Ace on the river ends World Poker Champion run for Batavia native

Ron “Tigar” Penepent has been to Las Vegas a few times. But on this trip, he had the time of his life even if he didn’t win a portion of the more than $15 million pot up for grabs in the 2022 World Poker Tour World Championship.

The Batavia native won his $10,400 buy-in to the tournament and was hoping to make a deep run, but on the third day of play, he got beat by an ace on the river.  Worse, he was the one holding a pair of aces.

“This has been an unbelievable experience,” Penepent said. “It was a bucket list item of mine to play in a big-stakes tournament.”

A love of poker runs in the Penepent family.  His father used to host regular games after hours at Ron’s Shell at Main and Oak in Batavia.

“It was my father, my uncles, a bunch of good friends,” Penepent said.

Penepent joined the World Poker Tour site 20 years ago, and he told his father that he would play in a big tournament one day.

Unfortunately, the elder Penepent passed away a couple of years ago so he didn’t get to see “Tigar” (his nickname since he was a child) sit down at a WPT hold-em table.

About a dozen family members did travel to Vegas to support Penepent during the tournament.  They’ve all been having a good time, he said, and now he’s out of the tournament, he and his wife Patty are going to have some fun, too.
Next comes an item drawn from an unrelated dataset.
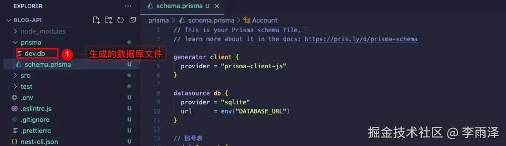 此时在项目中的 prisma 文件夹中,你会发现多出了一个 dev.db 文件,到此我们的数据库就生成成功了。
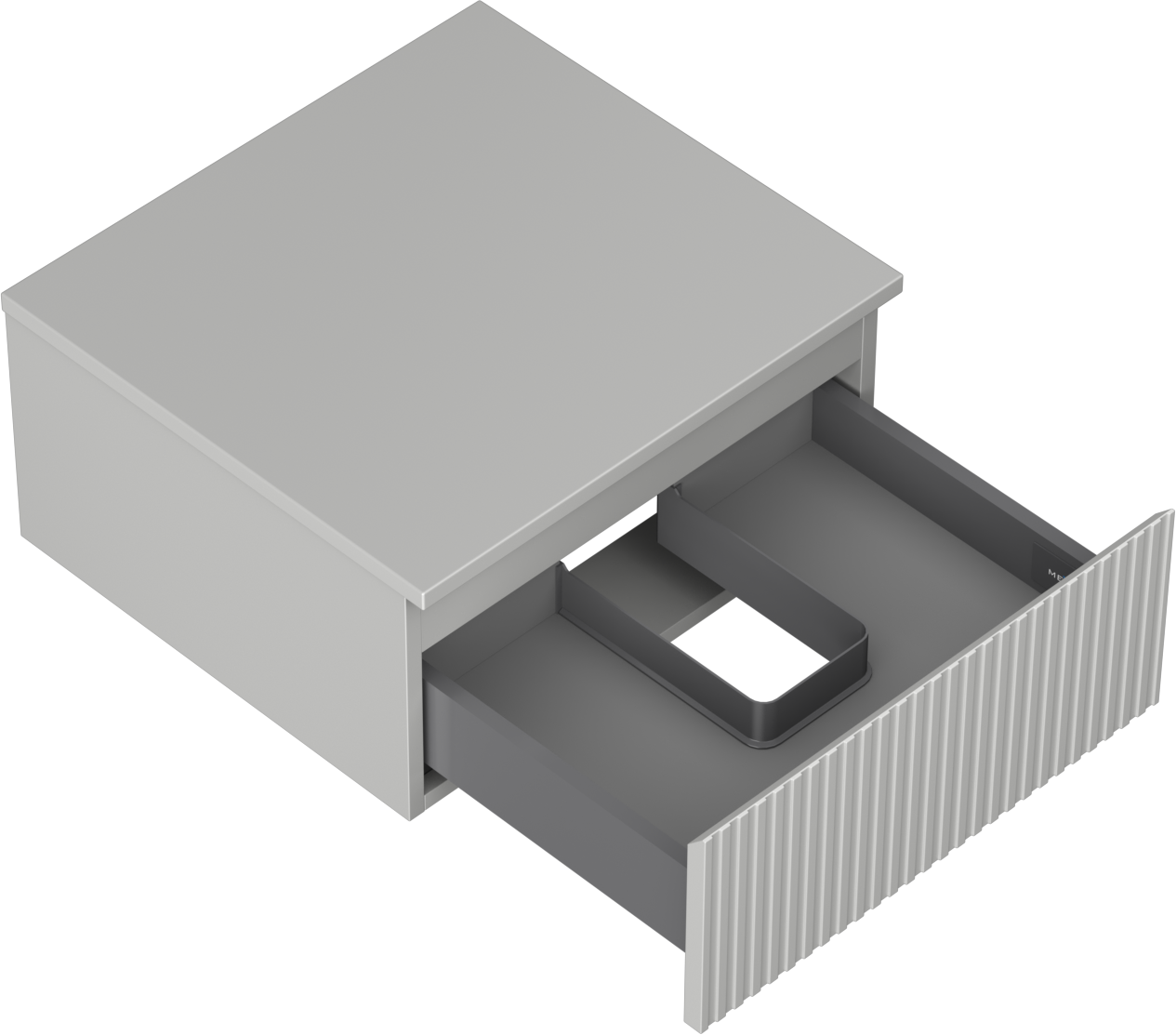 Výrez v zásuvke je navrhnutý tak, aby pojal sifón, ktorý je nevyhnutný v umývadlových inštaláciách. Vďaka tomu môže byť nábytok namontovaný plne funkčne, bez nutnosti vzdávať sa priestoru v zásuvke v prospech inštalácie.

They think they will go to the shop where the TV series “Counting Cars” is filmed, as well as the bar, Vamp’d, owned by the show’s star, as well as the Pawn Stars pawn shop.

As for that final hand, Penepent, who now lives just outside of Chattanooga, Tenn., isn’t calling it a bad beat or even a misplayed hand.
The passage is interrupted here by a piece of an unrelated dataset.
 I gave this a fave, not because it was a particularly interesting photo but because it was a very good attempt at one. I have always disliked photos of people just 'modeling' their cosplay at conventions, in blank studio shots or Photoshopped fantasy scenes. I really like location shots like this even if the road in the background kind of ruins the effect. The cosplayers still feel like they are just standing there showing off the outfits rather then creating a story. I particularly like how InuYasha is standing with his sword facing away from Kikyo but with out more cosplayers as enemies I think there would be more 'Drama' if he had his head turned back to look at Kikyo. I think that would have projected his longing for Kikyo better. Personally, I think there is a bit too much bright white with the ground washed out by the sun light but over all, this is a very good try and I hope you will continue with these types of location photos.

He was on the button (the last position to bet on hand) with blinds of $1,500/$3,000.  His stack was $175,000 to $200,000, about midsize at his table.  To his left is an aggressive player who is by far the chip leader at Penepent’s table.  

When the bet gets to him, and there’s been no raises, Penepent looks down at pocket aces and decides to double the blind, making the bet $6,000.  

The chip leader calls and a guy on Penepent’s right calls.

The flop comes jack, 10, seven.  

Player to the right checks, hero checks, chip leader bets $12,000.  

The guy on the right calls. The hero goes all-in.

Chip leader calls.  The guy on the right calls.

Cards up.  Chip leader hit two pair, jack and 10s.  The guy on the right has an open-ended straight draw with a suited king and a queen (meaning either an ace or a nine gives him a straight).

If a jack or a 10 comes on the turn, or the river, the chip leader has a full house.  The only card that can help the straight draw in an ace.

The turn is a deuce.  Our hero’s outs are now one of the three remaining deuces or one of the three remaining sevens. Otherwise, he loses and is out of the tournament.

Mr. straight draw spikes the ace on the river and rakes in a pot of some $500,000 to $600,000, and our hero is headed to the Strip to join the Vegas fun with his family.

“I played the hand the only way I could have played it,” Penepent said. “If I go all in from the start, the chip leader is going to call.”

He also figures he would have gotten a call from both players if he hadn’t check-raised and just gone all-in when it was his turn to bet after the flop.

“I decided to slow play the aces from the start, and I still think that was the best play,” Penepent said.

(The risk of playing pocket aces too aggressively is marginal hands fold, and you miss the opportunity to maximize the value of a strong starting hand. In this case, the marginal hands called — which is what you want — but those players were lucky enough to improve their hands with the community cards.)

Penepent does expect to be on TV when the championship is aired in five or six months.  He said he was interviewed.

He had a chance to meet one of the show’s stars, Vince Van Patten. 

“I talked with Vince Van Patten (about the hand), and he said if he were sitting in the same seat playing the same hand, he would have played it the same way, except maybe he would have made it $9,000 (before the flop).”

Even with the fairly early tournament bust, Penepent said he wants another crack at it. He plans to play in the same satellite tournament that won him this year’s seat again next year.

“I really enjoyed the experience,” Penepent said. “I don’t know if I’m going to get to enjoy it again, but I’m going to try.”